[Task to carry out] Pictures are to be left out. Return exactly the lines below from the one with "電視墻旁邊就是次臥門,運(y" up to and including the one with "The Tess Dress".

** Exercise material follows **

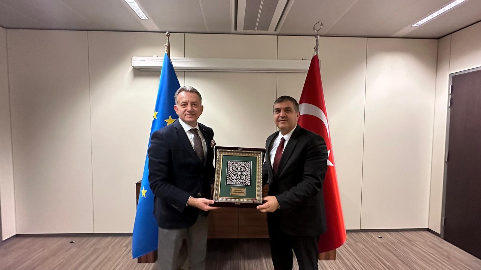 Avusturya ve Hollanda temasları sonrası Belçika programı ile Avrupa İş Gezisi'ne devam eden MÜSİAD heyeti, Avrupa Birliği Nezdinde Türkiye Cumhuriyeti Daimi Temsilcisi Büyükelçi Faruk Kaymakçı'yı ziyaret etti.
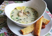 Суп с курицей, пастой орзо, обжаренными грибами, морковью, шпинатом и сливками.
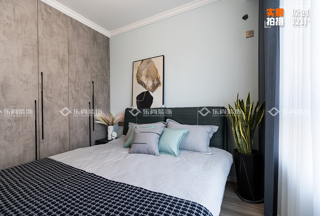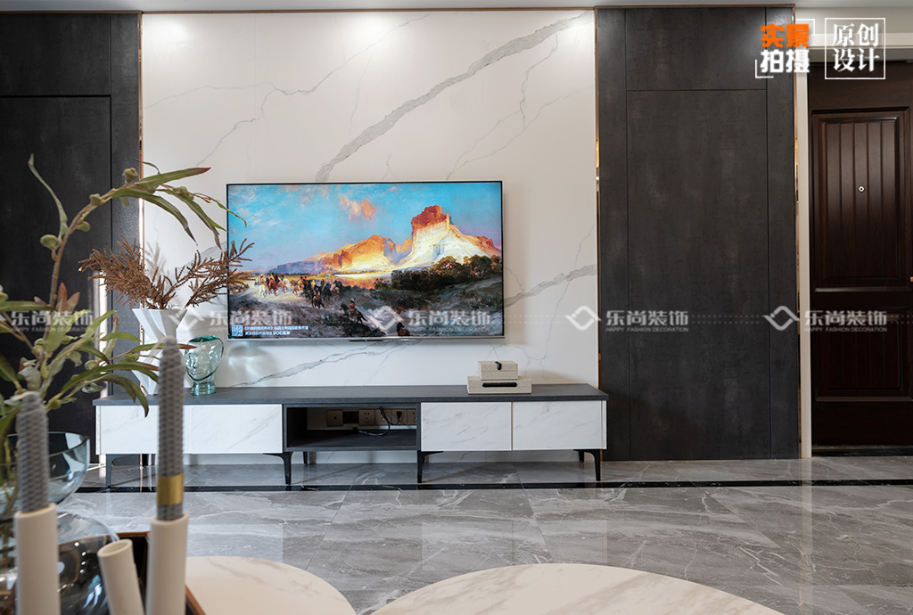 電視墻旁邊就是次臥門,運(yùn)用了隱形門造型,很好的把電視墻造型融合,擴(kuò)大了電視墻的尺寸。
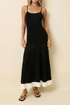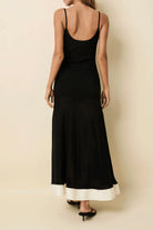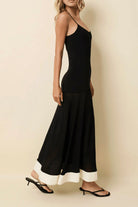 The Tess Dress in Noir and Brule blends timeless elegance with contemporary design. Crafted from a mix of opaque and sheer viscose fabrics, this maxi dress features a scoop neckline and drop waist that flares into a loose, flowing skirt. This refined and chic silhouette is perfect for any occasion.
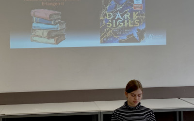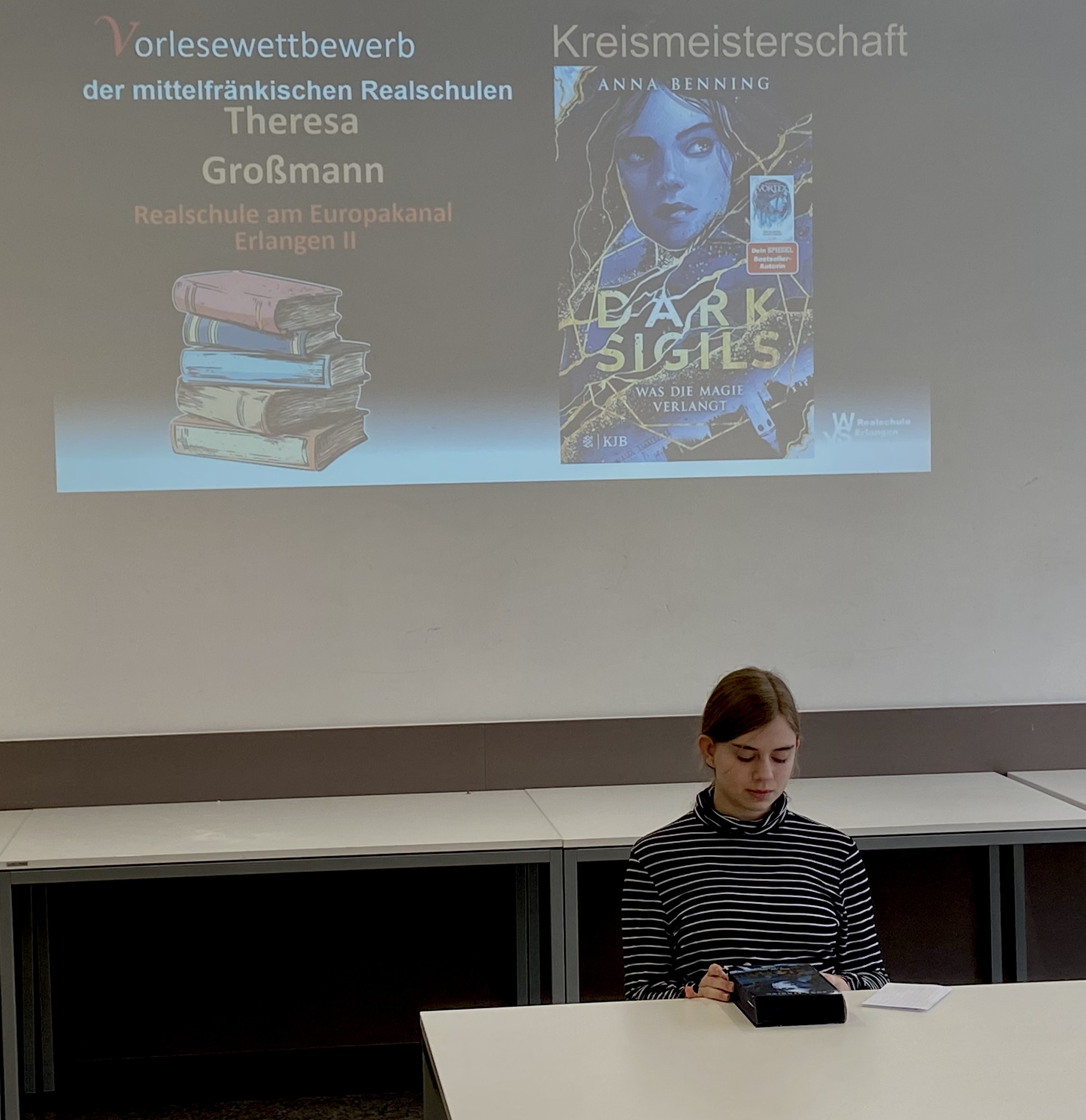 Schulintern hatten sich Theresa Großmann (7e) und Milena Predukh (7c) bereits Anfang Dezember gegen ihre Konkurrenz aus der siebten Jahrgangsstufe durchgesetzt, weshalb es für das talentierte Duo nun zwei Monate später zum Kreisentscheid des Vorlesewettbewerbs der Mittelfränkischen Realschulen ging. Eine weite Anreise hatten unsere Schülerinnen dabei nicht zu bewältigen, fand die Veranstaltung dieses Jahr doch nur einen Katzensprung entfernt an der benachbarten Werner-von-Siemens-Realschule statt. Bei Tee und Kuchen sowie später Pizza und Laugenstangen konnten sich die beiden Leserinnen auf den Wettbewerb einstimmen, ehe unter anderem gegen die heimische sowie etwa aus Höchstadt, Herzogenaurach oder Langenzenn angereiste Konkurrenz gelesen wurde. Neben den Lehrkräften – die jedoch bei Schülerinnen und Schülern der eigenen Schule keine Punkte vergaben – bestand die Jury auch aus zwei externen Mitgliedern, Herr Rogenwald von der Stadtbibliothek Erlangen sowie Heidi Goczoll von der Buchhandlung „LeseeseL“, die überdies auch die Buchpreise und Gutscheine stiftete. Das Los entschied zu Beginn über die Lese-Reihenfolge und so kam es, dass Theresa Großmann den Wettbewerb mit der von ihr gewählten dreiminütigen Stelle aus „Dark Sigils“ von Anna Benning eröffnete. Später las Milena Predukh aus „Die Pfefferkörner und der Fluch des schwarzen Königs“ von Sarah Bosse. Ihr Einsatz samt Buchvorstellung ist umso höher einzuschätzen, als dass sie als dritte Schulsiegerin sehr spontan für den kurzfristig ausfallenden Zweitplatzierten einsprang. Wie erwartet war das Vorlese-Niveau unter allen Schulsiegern in Mittelfranken sehr hoch, so dass die Punktzahlen am Ende nah beieinanderlagen. Nach längerer Beratung kürte die Jury Siegerinnen und Sieger. Milena Predukh und Theresa Großmann freuten sich über einen geteilten dritten Platz.

** End of Exercise material **

[Expected answer]
 電視墻旁邊就是次臥門,運(yùn)用了隱形門造型,很好的把電視墻造型融合,擴(kuò)大了電視墻的尺寸。
 The Tess Dress in Noir and Brule blends timeless elegance with contemporary design. Crafted from a mix of opaque and sheer viscose fabrics, this maxi dress features a scoop neckline and drop waist that flares into a loose, flowing skirt. This refined and chic silhouette is perfect for any occasion.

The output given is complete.